The Aquinian

The news doesn’t write itself

(Hadeel Ibrahim/AQ)

Journalism, it seems, is more science than art – more exactness than brilliance. On the surface, it’s a man on TV with curt facts and a measured voice, a lady on the radio with pointed questions and investigative clarity. News presents itself as a backdrop of objective truths and point-­form knowledge against which we judge a strange and alien world of events and developments. Yet, for all its appearance of transcendent perspective, journalism is perhaps as involved in the objects of its stories as the characters it depicts. Far from being removed from and above the gritty realities it deals with, journalism is at the heart of them, subject to and acting on the same forces that shape and determine them.

(Hadeel Ibrahim/AQ)

What I mean to say is not any lofty praise for high­-minded individuals who take it upon themselves to investigate the world and, by reporting on it, liberate it. Rather, it’s merely the observation that journalists are a part of the world as much as they may try to separate themselves from it. What gets said (and left unsaid) in the news, the particular way in which issues are articulated has a certain obvious affect on those issues themselves. More importantly, though, is that those different modes of interpreting and articulating the world carry with them certain veiled abilities that are not as apparent.

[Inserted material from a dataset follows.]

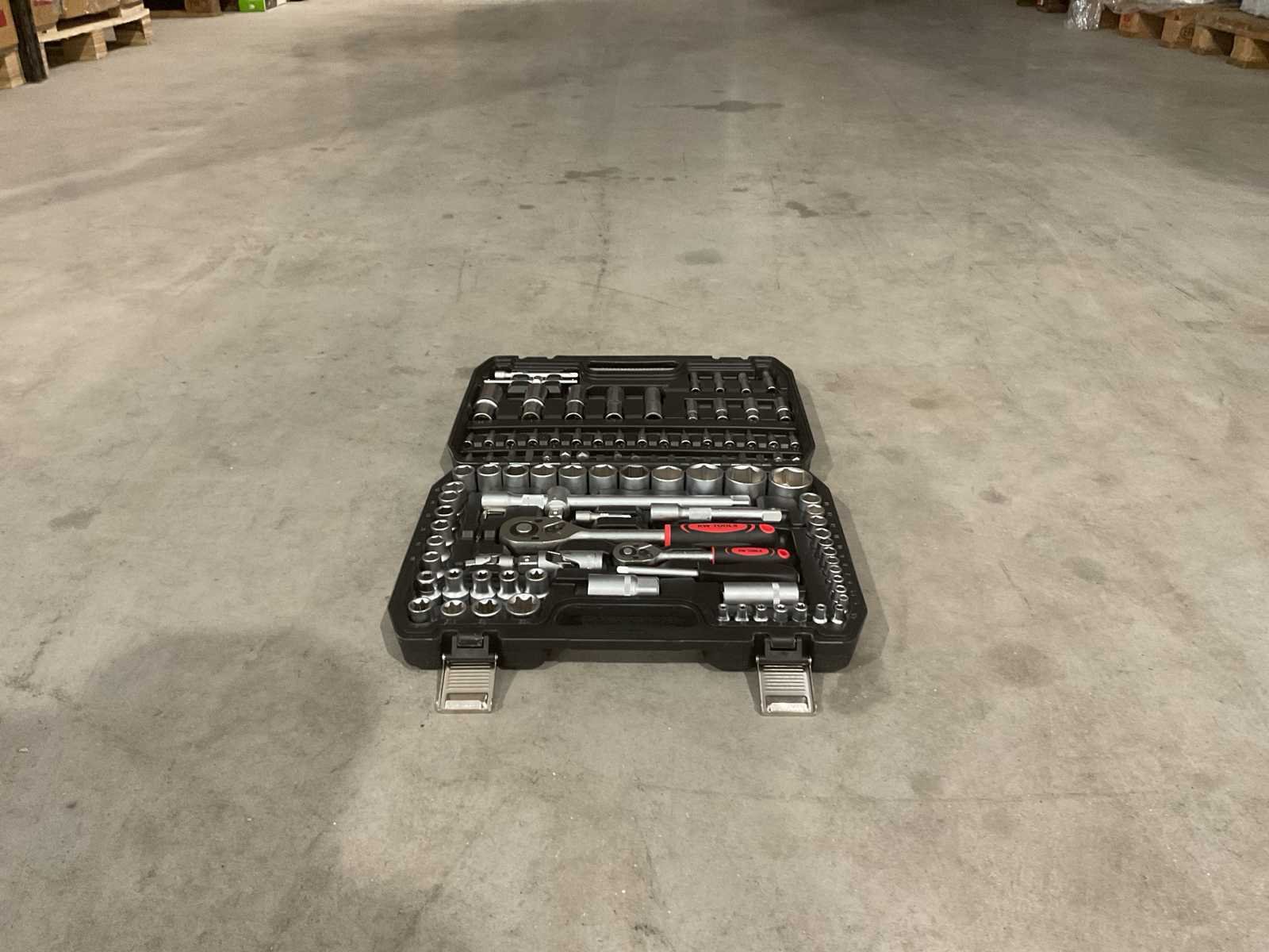Voorzien van 1/4" Doppen 4-4.5-5-5.5-6-7-8-9-10-11-12-13-14mm; 1/4" Lange doppen 6-7-8-9-10-11-12-13mm; 1/4" Torx doppen E4-E5-E6-E7-E8; 1/4" Inbus op dop 3-4-5-6mm; 1/4" Philips op dop PH.1-PH.2; 1/4" Pozidriv op dop PZ.1-PZ.2 1/4" Platte bit op dop 4-5.5-6.5mm; 1/4" Torx op dop T8-T10-T15-T20-T25-T27-T30; 1/4" Ratel 72 tanden Quick release; 1/4" Verlengstukken 50-100mm; 1/4" Kniegewricht; 1/4'' T Hendel; 1/4" Spinner; 1/2" Doppen 10-11-12-13-14-15-16-17-18-19-20-21-22-24-27-30-32mm; 1/2" Lange doppen 14-15-17-19-22mm; 1/2" Torx doppen E10-E11-E12-E14-E16-E18-E20-E24; 1/2" Inbus bitten 7-8-10-12-14mm; 1/2" Philips bitten PH.3-PH.4; 1/2" Pozidriv bitten PZ.3-PZ.4; 1/2" Platte bitten 8-10-12mm; 1/2" Torx bitten T40-T45-T50-T55-T60; 1/2" Bit houder; 1/2" Ratel 72 tanden Quick release; 1/2" Verlengstukken 125-250mm; 1/2" Bougiedoppen 16-21mm; 1/2" Kniegewricht; Inbus L-sleutels 1.5-2-2.5mm; Ongebruikt in doos (Transport Afmeting 380 x 80 x 290, Gewicht 6.52kg) Merk: KW Tools Met koffer: true Delig: 108 Type: 108Pcs Socket set Bouwjaar: 2025

When we describe a state of affairs, we contribute to a discourse every bit as much as we make one explicit. In recounting the conversation that’s unfolding we also implicitly define it, demarcate its boundaries, and tacitly (or perhaps even unwittingly) position ourselves towards a host of concepts and ideas within and without those boundaries. I’m not talking about or questioning the value of journalism, nor am I addressing anything as mundane as objectivity and bias in the media; all I’m saying is that the function of journalism in its capacity as a contributor to events rather than a bystander of them is too often overlooked. The role of the media is not to be taken for granted as a digestion and regurgitation of data: it is to be eyed with scrutiny and critical attention, always being interrogated in terms of what it has to say and the boundaries of it.

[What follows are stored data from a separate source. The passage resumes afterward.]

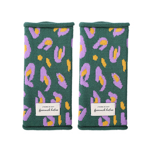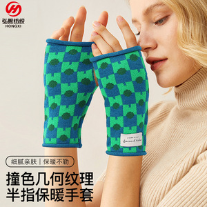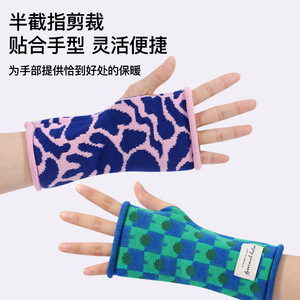 亚马逊冬季保暖手套女撞色几何纹理半指手套男高弹百搭保暖手套女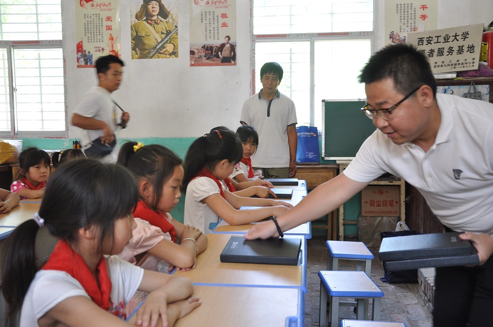 7月2日,2003网站太阳集团第十八届MBA联合会一行二十余人在黄辉主任和联合会主席苏振兴的带领下来到蓝田县九间房镇李家坪小学,开展“鸿鹄抒壮志•爱心留校园”捐赠活动。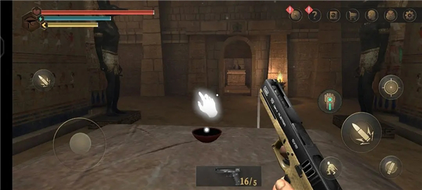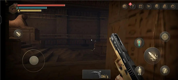 1、游戏开局,将对游戏的背景进行简单描述,当玩家进入金字塔后,真正的玩法正式开始,滑动屏幕观察四周。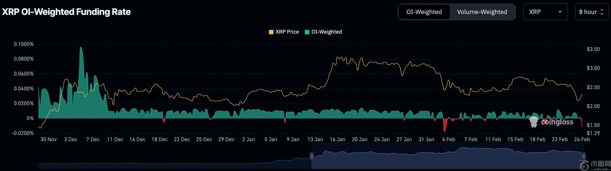 在其他地方,XRP的开放利息加权融资率是重要的市场情感指标,变成负面。在整个1月和2月的大部分时间里,资金率仍然是积极的。但是,最近的数据显示了变化,红色条形信号看跌情绪。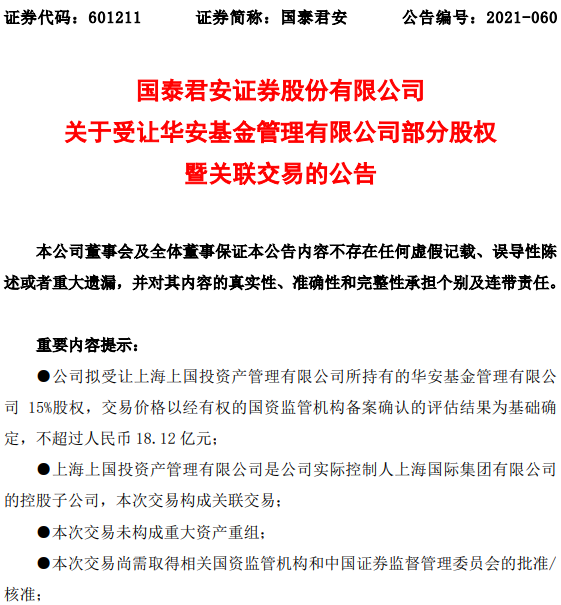 10月8日晚间,国泰君安发布公告称,公司拟受让上海上国投资产管理有限公司(下称“上国投资管”)所持有的华安基金15%股权。本次交易价格,以经有权的国资监管机构备案确认的评估结果为基础确定,不超过人民币18.12亿元。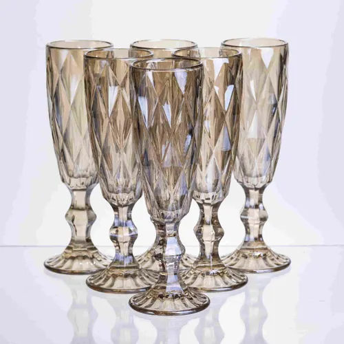 Елегантний комплект келихів із тонованого скла в теплому бурштиновому відтінку. Висока чаша типу «флюте» та класичне алмазне огранювання створюють розкішну гру світла, роблячи їх ідеальним вибором для святкового сервірування. Особливості: Бурштиновий відтінок: Теплий золотисто-медовий колір скла надає сервіруванню затишку та створює відчуття свята, особливо при природному освітленні. Алмазна грань: Рельєфний геометричний візерунок не тільки естетичний, а й практичний - келих надійно лежить у руці і не вислизає. Витончена форма: Висока струнка чаша на тонкій фігурній ніжці ідеально підходить для подачі шампанського, ігристих вин та легких коктейлів. Характеристики Матеріал: скло Об'єм: 180 мл Висота: 19,3 см Вага: 2 кг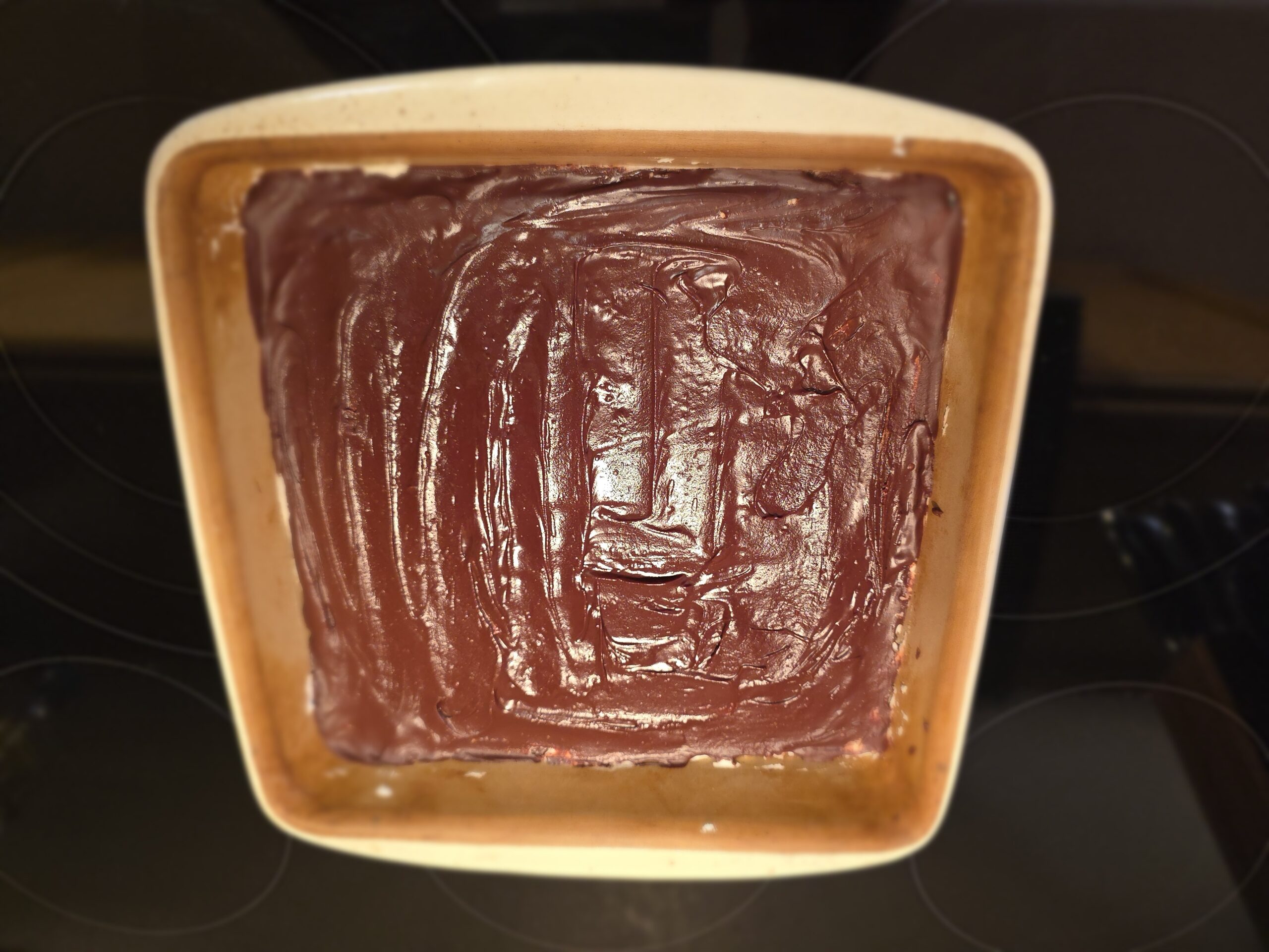 2. Spread evenly over mixture in 9x9 pan, then refrigerate

Moreover, it is to be assumed that even the most pedestrian account of an event contains within it the signs of certain critical decisions in the news-making process. For after all even purportedly harmless summaries of things convey an attitude and positioning towards their subject, and what we choose to underscore or brush off to the side in this process of articulation determines, by and large, the shape of a given discourse. It is in this capacity, in terms of these implied decisions and their effects, I would like to suggest, that journalism of all species (including opinion pieces nobody reads) be carefully considered and evaluated.